Calvin Carl "Kelly" Gotlieb,  (March 27, 1921 – October 16, 2016) was a Canadian professor and computer scientist who has been called the "Father of Computing" in Canada. He was a Professor in Computer Science at the University of Toronto.

Biography 

He received a Bachelor of Science in physics in 1942, a Master of Arts in 1944 and a Ph.D. in 1947 from the University of Toronto.

In 1948, he co-founded the computation centre at the University of Toronto and was part of the first team in Canada to build computers and to provide computing services. In 1950, he created the first university course on computing in Canada and in 1951 offered the first graduate course. In 1964, he helped to found the first Canadian graduate department of computer science at the University of Toronto.

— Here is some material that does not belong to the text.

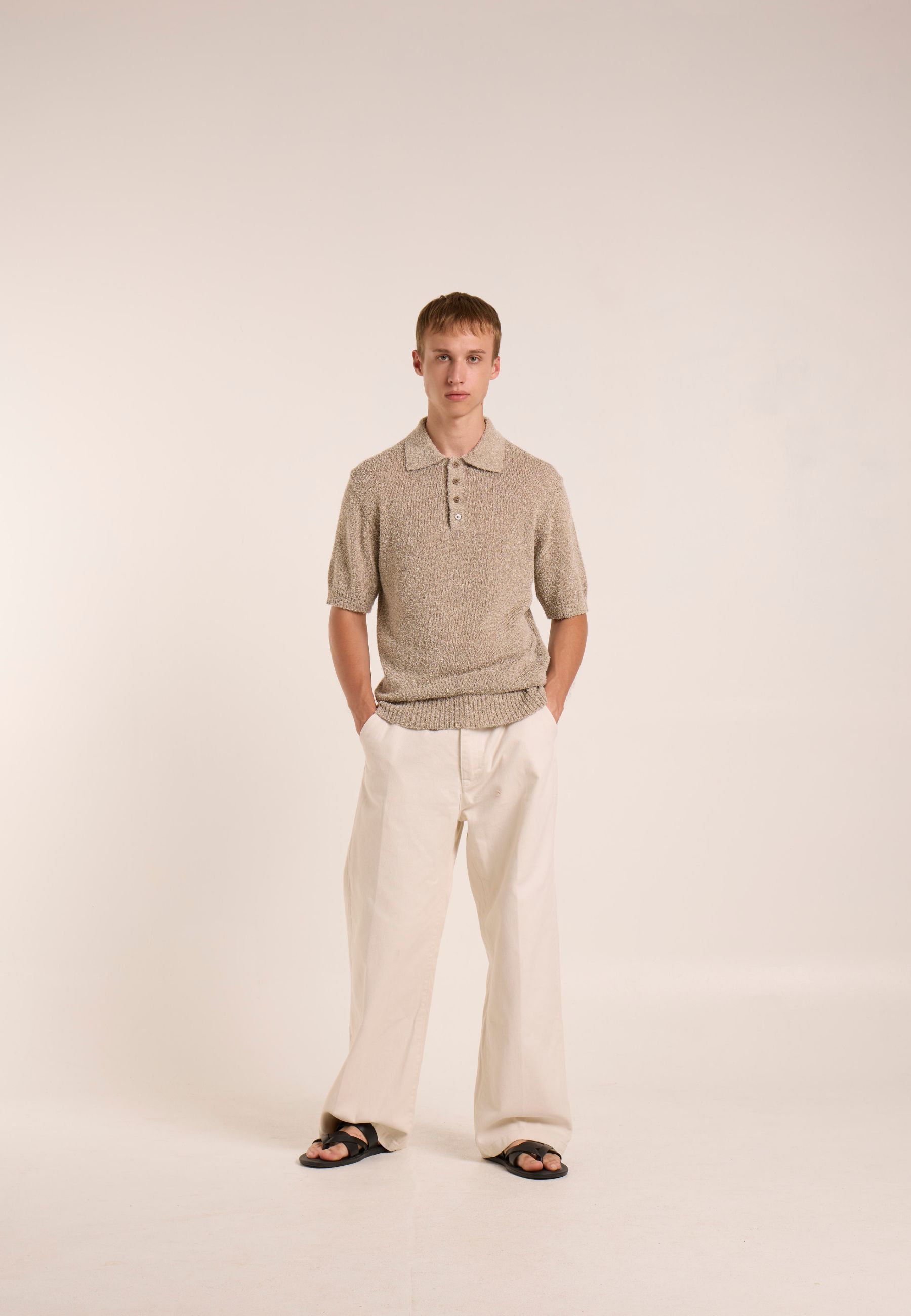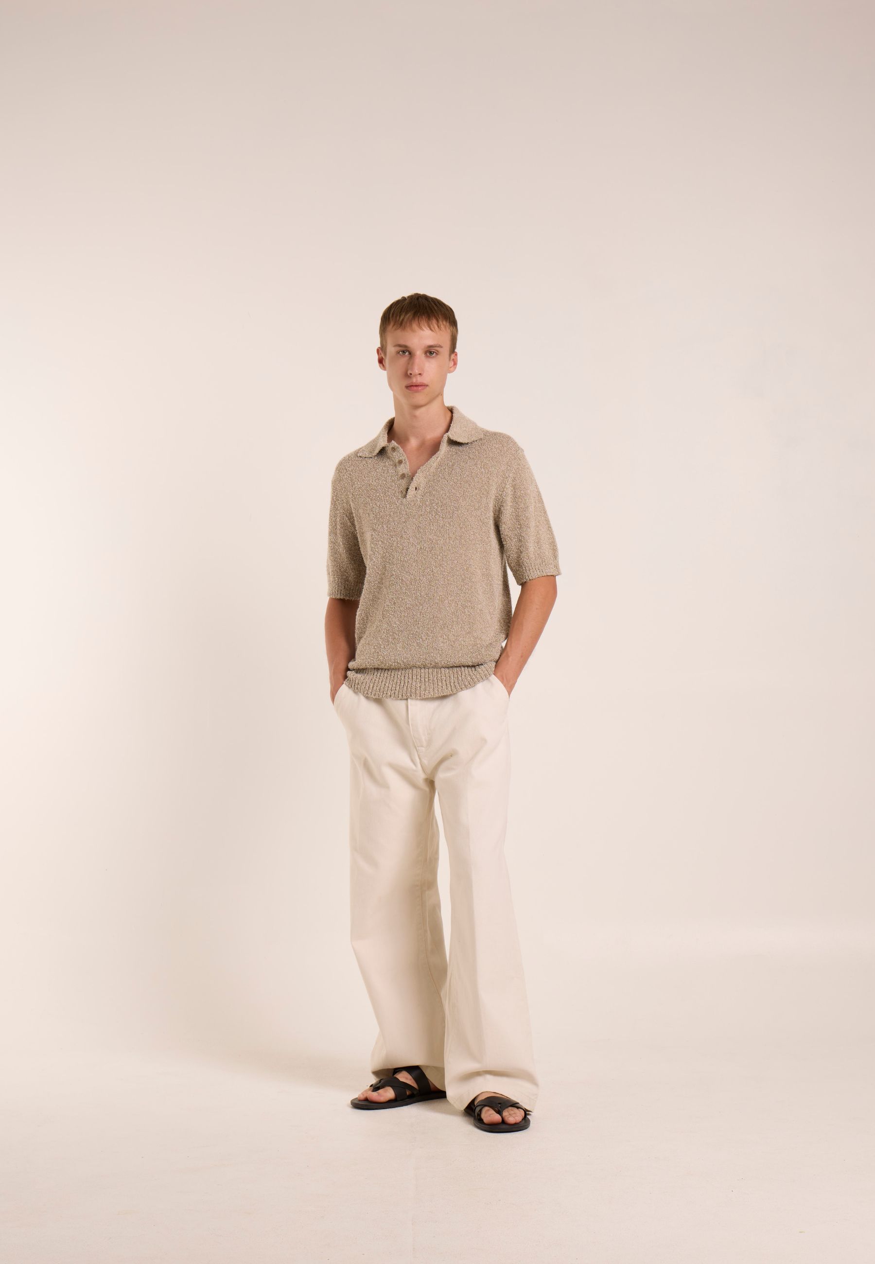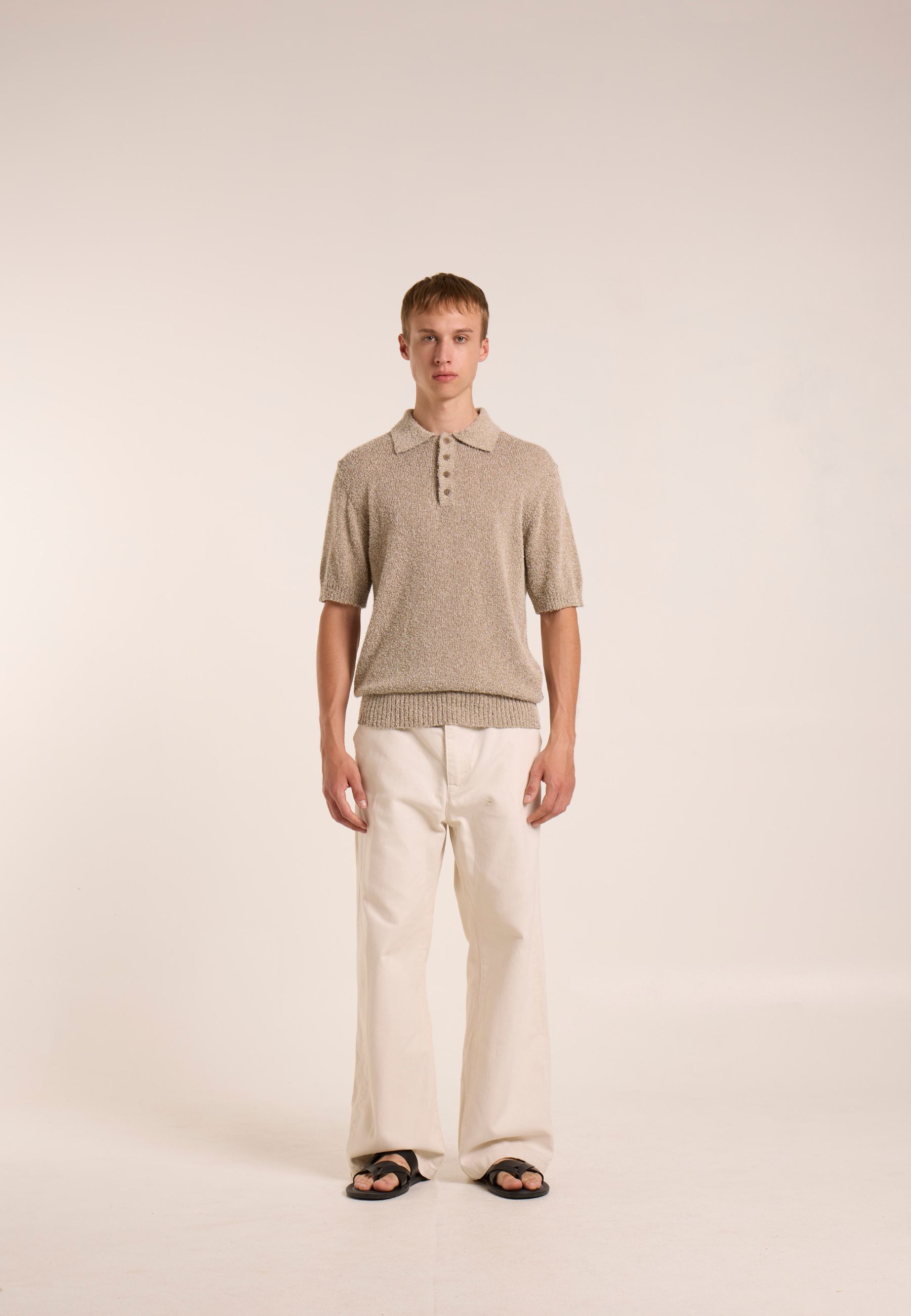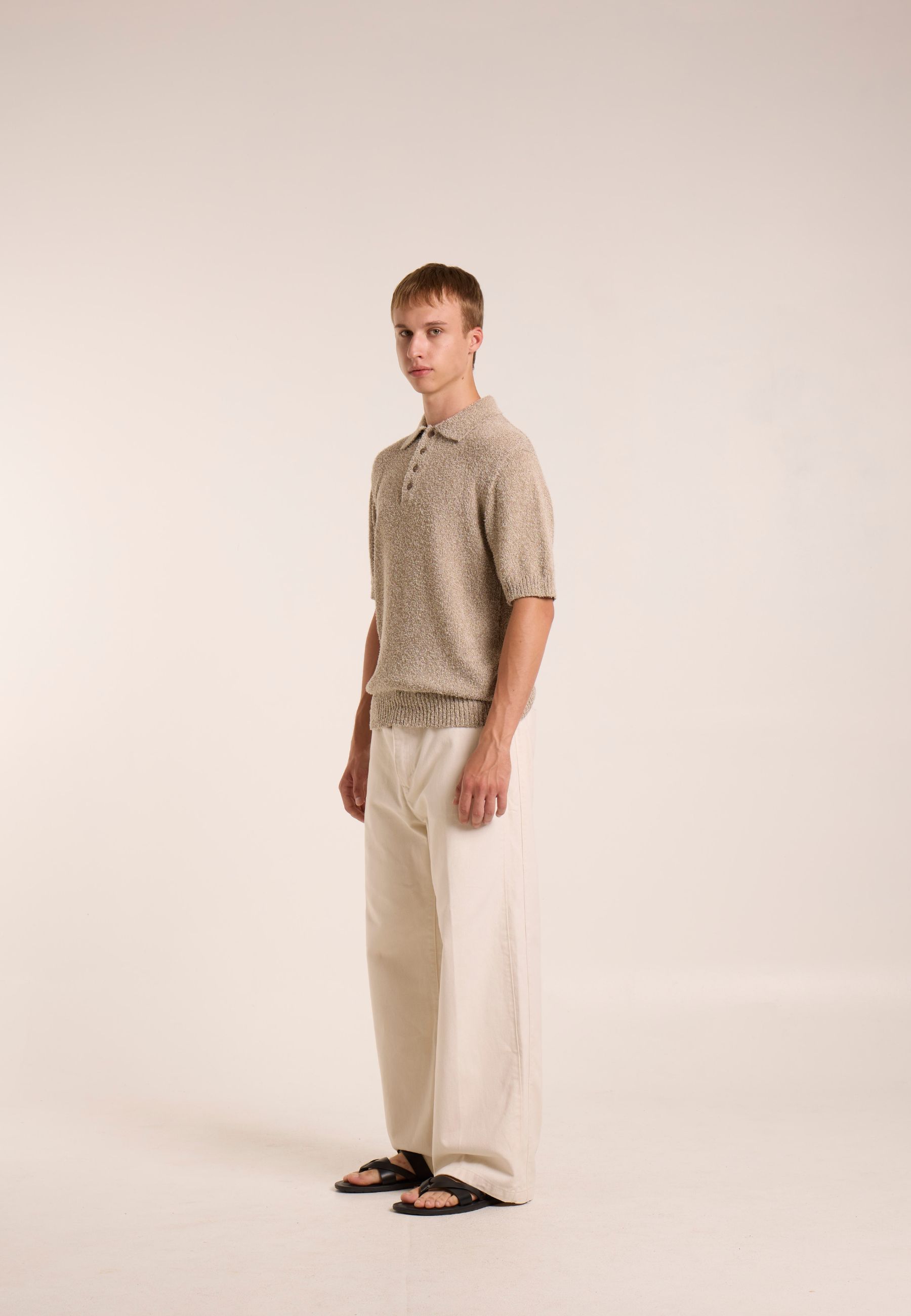 Polo a maniche corte realizzata in filato mercerizzato, caratterizzata da una superficie compatta, luminosa e particolarmente morbida al tatto. Il trattamento di mercerizzazione conferisce al capo maggiore resistenza, stabilità e una finitura raffinata.

In 1958, he helped to found the Canadian Information Processing Society and was its president from 1960 to 1961.

In 1995, he was made a Member of the Order of Canada. He was a Fellow of the Royal Society of Canada and in 2006, a founding Fellow of the Canadian Information Processing Society. In 1994, he received the International Federation for Information Processing Isaac L. Auerbach Award and was inducted as a Fellow of the Association for Computing Machinery.

He was married to Phyllis Bloom, a Canadian science fiction novelist and poet, from 1949 until her death in 2009. Kelly and Phyllis Gotlieb had three children: son Leo Gotlieb; daughters Margaret Gotlieb and Jane Lipson.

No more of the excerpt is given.